Scan the records below for the line with "Córdoba, Ver. –" and the line with "에버노트(Evernote)는 웹 클리퍼(Web", and retype that range exactly, both ends included, pictures excepted.

====== Provided material

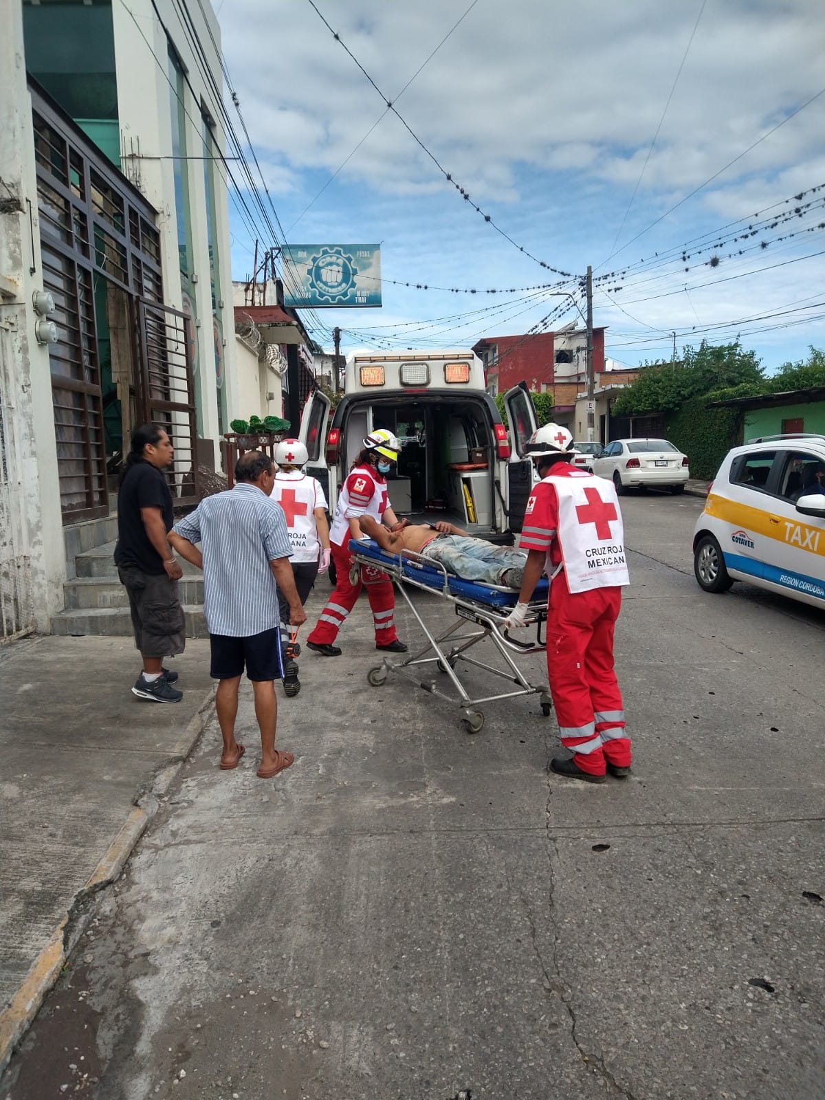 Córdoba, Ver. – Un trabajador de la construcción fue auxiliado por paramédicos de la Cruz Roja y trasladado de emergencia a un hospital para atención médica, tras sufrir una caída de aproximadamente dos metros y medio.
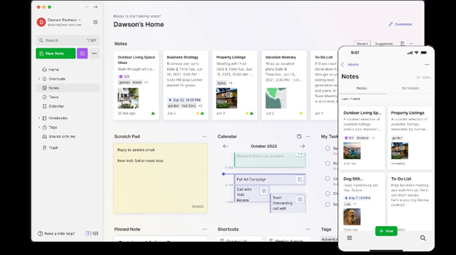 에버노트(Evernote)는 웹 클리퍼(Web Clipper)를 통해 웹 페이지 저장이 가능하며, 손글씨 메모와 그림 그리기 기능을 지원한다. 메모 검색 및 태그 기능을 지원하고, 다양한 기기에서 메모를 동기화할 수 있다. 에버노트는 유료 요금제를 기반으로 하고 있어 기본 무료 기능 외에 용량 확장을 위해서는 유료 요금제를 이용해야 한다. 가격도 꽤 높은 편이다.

============
====== Provided material

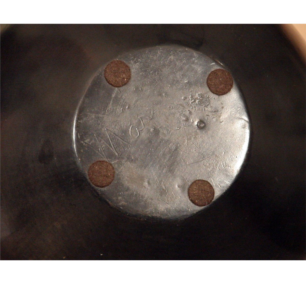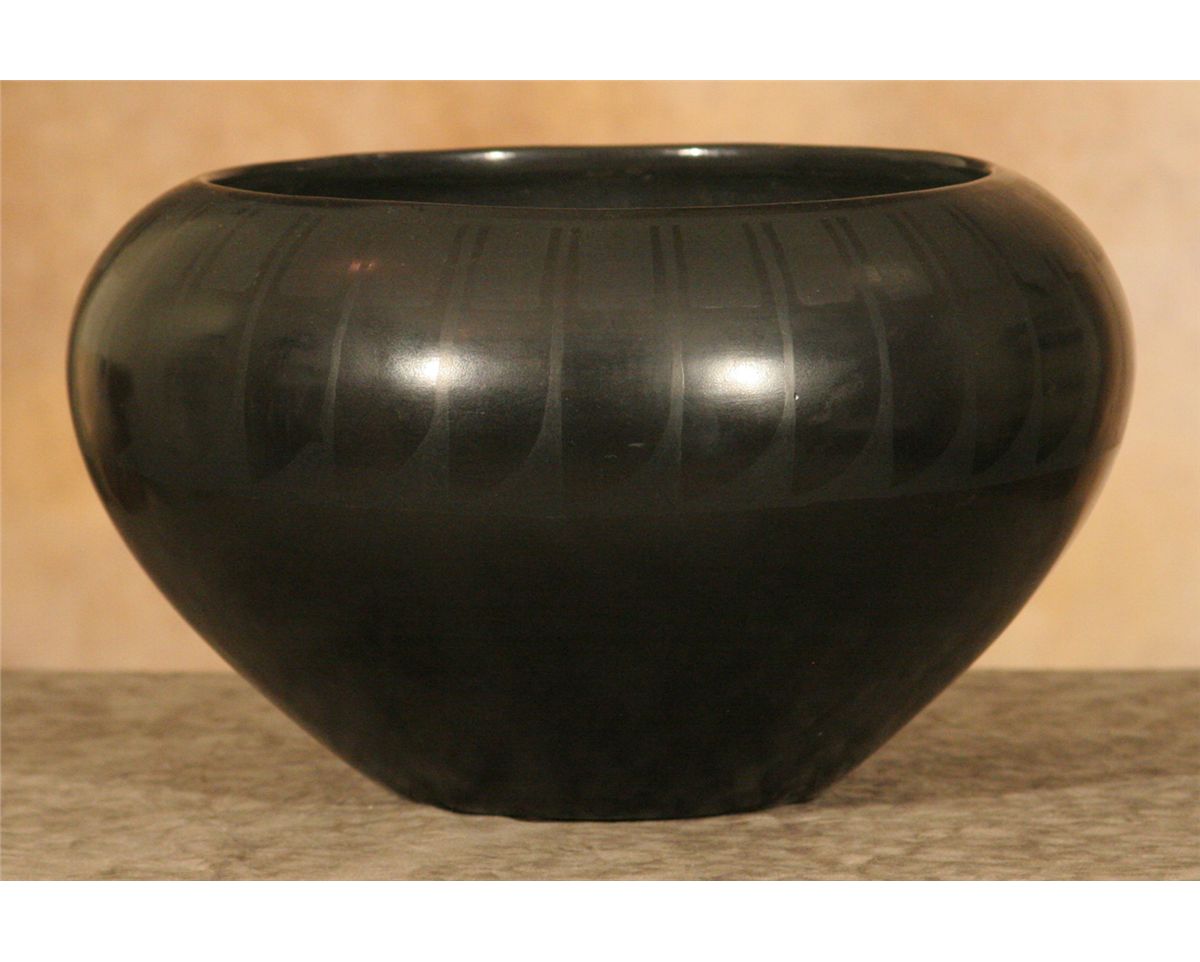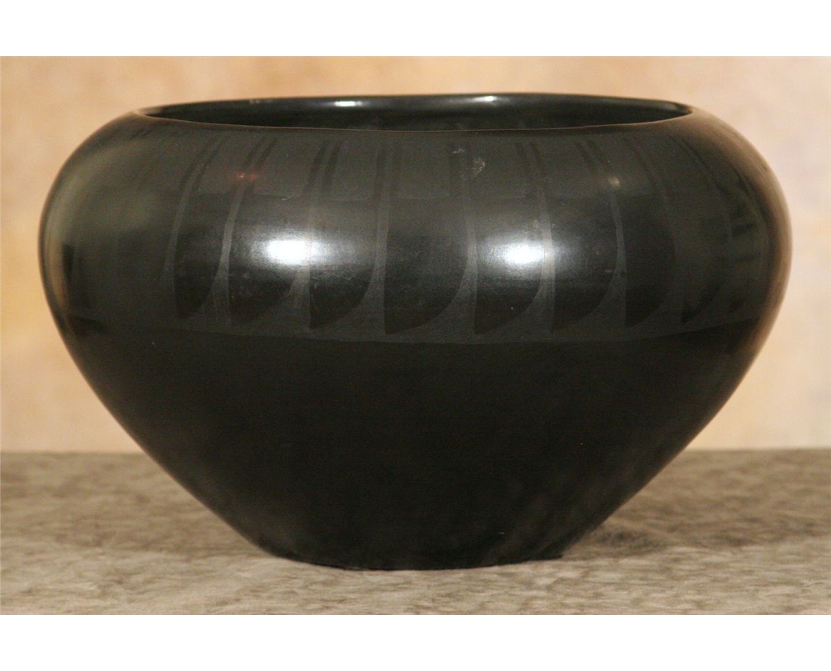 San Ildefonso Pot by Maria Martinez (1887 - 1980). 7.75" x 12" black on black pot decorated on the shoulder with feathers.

============

— Reply to the task —
 Córdoba, Ver. – Un trabajador de la construcción fue auxiliado por paramédicos de la Cruz Roja y trasladado de emergencia a un hospital para atención médica, tras sufrir una caída de aproximadamente dos metros y medio.
 에버노트(Evernote)는 웹 클리퍼(Web Clipper)를 통해 웹 페이지 저장이 가능하며, 손글씨 메모와 그림 그리기 기능을 지원한다. 메모 검색 및 태그 기능을 지원하고, 다양한 기기에서 메모를 동기화할 수 있다. 에버노트는 유료 요금제를 기반으로 하고 있어 기본 무료 기능 외에 용량 확장을 위해서는 유료 요금제를 이용해야 한다. 가격도 꽤 높은 편이다.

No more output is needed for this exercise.